* [EXERCISE]: Once you reach the line that holds "Réf : 709563 Sac de rechange (pack de 5 sacs)" in the listing below, output it and every line after it through the line that holds "Пешеходная часть маршрута.", word for word.

* [DATASET]:
↓

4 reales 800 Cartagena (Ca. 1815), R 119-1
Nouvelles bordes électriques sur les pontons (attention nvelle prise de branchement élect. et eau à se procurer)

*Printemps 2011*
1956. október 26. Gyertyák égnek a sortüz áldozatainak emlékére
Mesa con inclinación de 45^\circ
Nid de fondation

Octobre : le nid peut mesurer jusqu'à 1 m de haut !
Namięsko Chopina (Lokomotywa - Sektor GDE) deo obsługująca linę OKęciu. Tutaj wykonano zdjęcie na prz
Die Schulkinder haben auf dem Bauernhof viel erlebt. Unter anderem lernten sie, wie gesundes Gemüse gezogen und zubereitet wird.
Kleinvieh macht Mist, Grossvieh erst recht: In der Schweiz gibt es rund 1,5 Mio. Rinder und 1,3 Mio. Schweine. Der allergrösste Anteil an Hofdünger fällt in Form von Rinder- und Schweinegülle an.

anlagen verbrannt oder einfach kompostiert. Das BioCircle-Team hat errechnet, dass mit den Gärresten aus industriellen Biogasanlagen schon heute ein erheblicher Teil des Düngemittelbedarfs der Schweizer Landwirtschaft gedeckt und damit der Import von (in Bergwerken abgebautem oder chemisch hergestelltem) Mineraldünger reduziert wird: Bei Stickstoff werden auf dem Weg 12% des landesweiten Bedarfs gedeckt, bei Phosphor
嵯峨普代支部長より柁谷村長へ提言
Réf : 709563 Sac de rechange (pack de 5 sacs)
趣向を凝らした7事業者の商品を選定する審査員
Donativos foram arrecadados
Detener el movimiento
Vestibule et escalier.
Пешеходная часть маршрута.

↑
↓

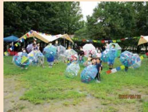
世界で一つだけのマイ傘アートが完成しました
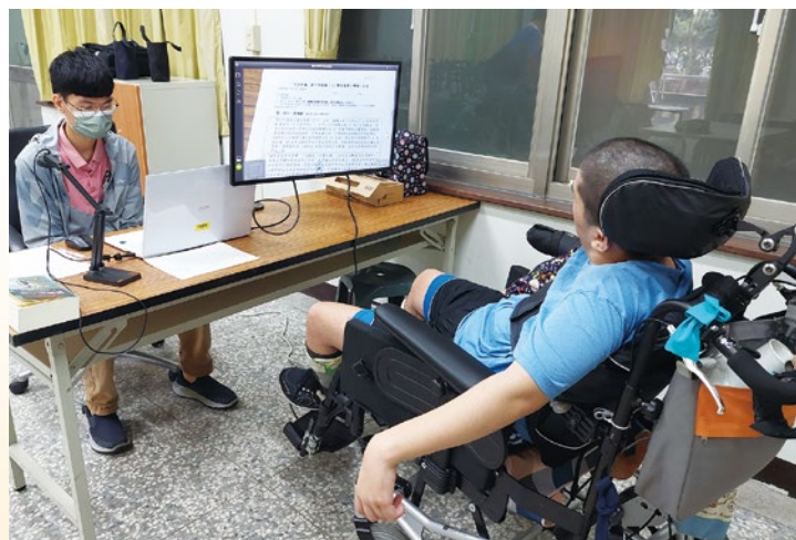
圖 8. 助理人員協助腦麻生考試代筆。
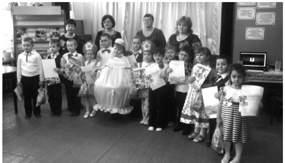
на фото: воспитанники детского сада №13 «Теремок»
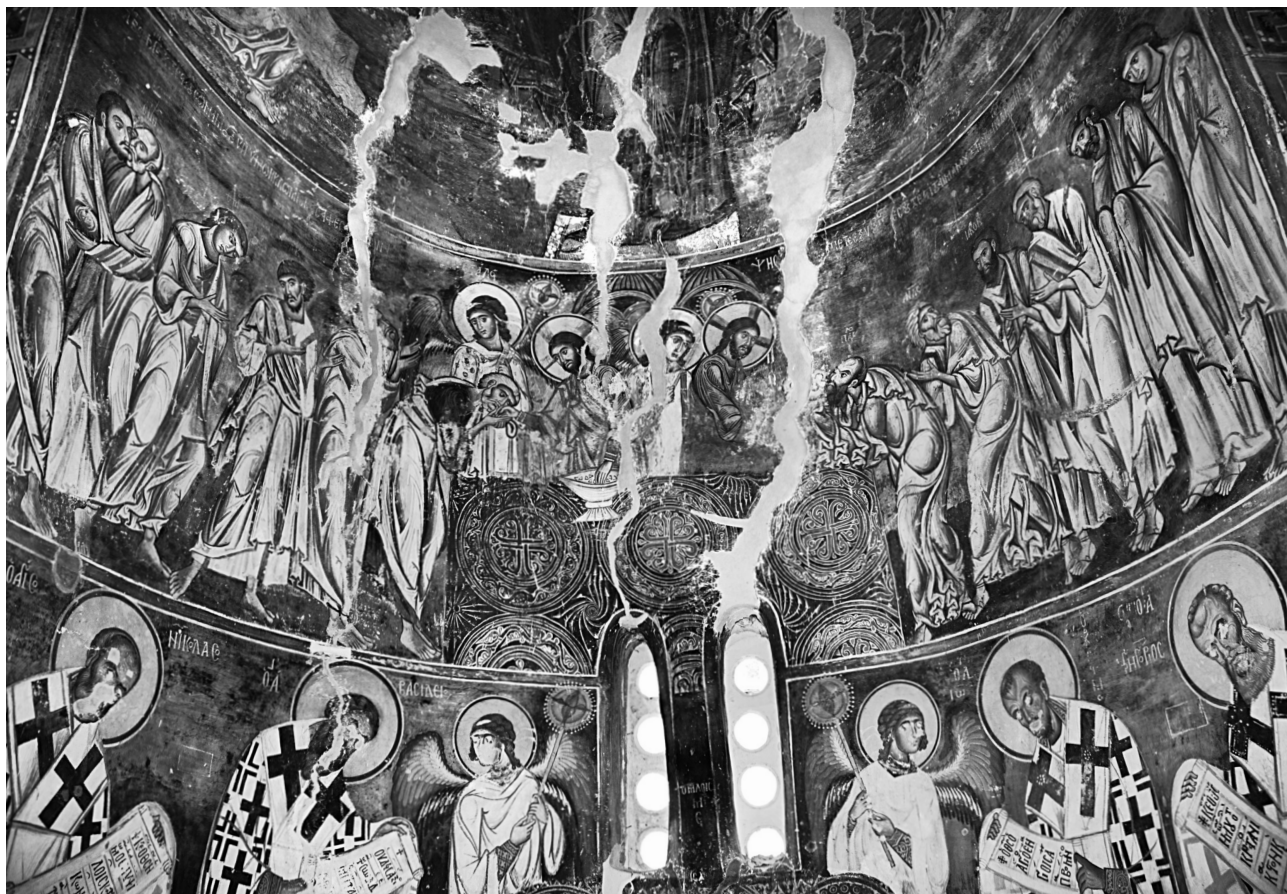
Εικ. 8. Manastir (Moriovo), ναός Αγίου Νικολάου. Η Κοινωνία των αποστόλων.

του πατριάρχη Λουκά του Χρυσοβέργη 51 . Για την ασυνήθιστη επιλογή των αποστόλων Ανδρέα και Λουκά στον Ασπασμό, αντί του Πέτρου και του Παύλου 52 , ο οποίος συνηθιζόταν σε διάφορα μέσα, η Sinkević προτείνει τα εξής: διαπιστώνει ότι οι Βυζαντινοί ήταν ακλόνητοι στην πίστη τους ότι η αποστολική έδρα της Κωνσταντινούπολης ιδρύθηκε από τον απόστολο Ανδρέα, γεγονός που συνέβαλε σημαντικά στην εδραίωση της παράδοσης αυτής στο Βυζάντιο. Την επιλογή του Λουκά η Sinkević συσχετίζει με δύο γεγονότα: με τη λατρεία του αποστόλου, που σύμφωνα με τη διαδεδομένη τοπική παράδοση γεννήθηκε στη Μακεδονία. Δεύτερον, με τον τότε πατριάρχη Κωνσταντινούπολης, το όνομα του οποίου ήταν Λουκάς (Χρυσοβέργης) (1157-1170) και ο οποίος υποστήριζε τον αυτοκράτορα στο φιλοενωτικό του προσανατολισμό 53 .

↑

* [ANSWER TO THIS TASK]:
Réf : 709563 Sac de rechange (pack de 5 sacs)
趣向を凝らした7事業者の商品を選定する審査員
Donativos foram arrecadados
Detener el movimiento
Vestibule et escalier.
Пешеходная часть маршрута.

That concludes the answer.